Just weeks into 2024, it is already clear that uncertainty will be the watchword. Will the economic soft landing of 2023 persist into 2024? Will labor unrest, strong in 2023, settle down as inflation cools? Will inflation remain tamed? Will the U.S. elections bring continuity or a new administration with very different views on the role of the U.S. in the world and in regulating business?

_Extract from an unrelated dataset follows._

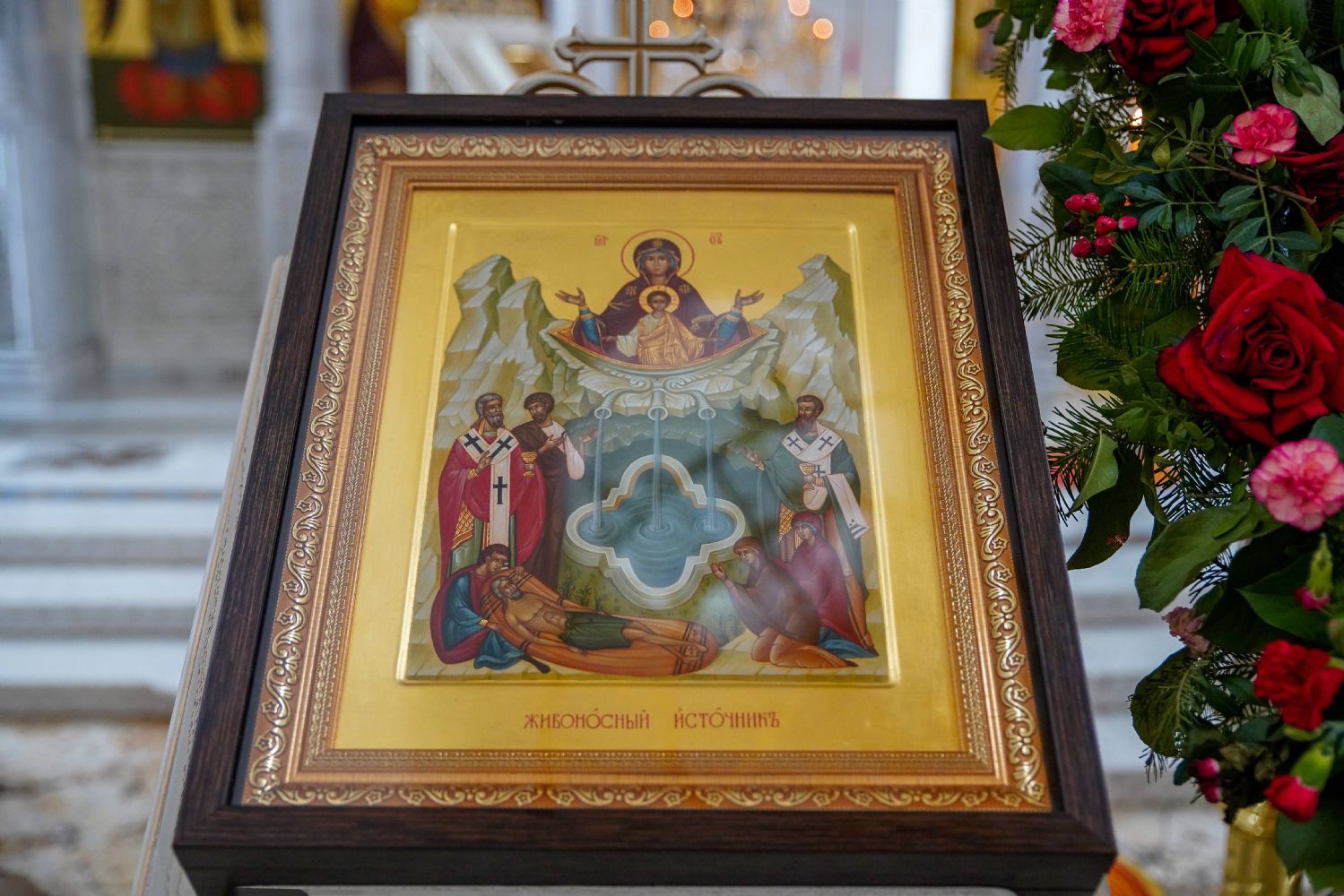 Но в 19 веке султан Махмуд, наслышанный о чудесах, которые являла Пречистая, позволил христианам очистить источник и соорудить там небольшой храм. Его освящение состоялось в 1835 году на пасхальной седмице в пятницу. Поэтому в Церкви было утверждено, чтобы в Светлую пятницу всегда совершать прославление Матери Божией в Ее образе «Живоносный Источник».

Uncertainty is also fueling a complex risk environment that will require monitoring global developments more so than in the past. As outlined below, geopolitical risks are present, multiple, interconnected and high impact. International relations have traditionally fallen outside the mandate of most C-Suites, but how the U.S. government responds to geopolitical challenges will impact business operations. Beyond additional disruptions to global trade, businesses in 2024 will face risks associated with expanding protectionist economic policies, climate change impacts, and AI-driven disruptors.

Geopolitical Tensions Disrupting Global Trade

The guardrails are coming off the international system that enshrines the ideals of preserving peace and security through diplomatic engagement, respecting international borders (not changing them through military might) and ensuring the free flow of global trade. In 2022, the world was shocked by Russia’s invasion of Ukraine, but it has taken time for the full impact to reverberate through the international system. While political analysts write on a “spillover of conflict,” the more insidious impact is that more leaders of countries and non-state groups are acting outside the guardrails because they are no longer deterred from using military force to achieve political goals, making 2024 ripe for new military conflicts disrupting global trade beyond the ongoing war in Europe.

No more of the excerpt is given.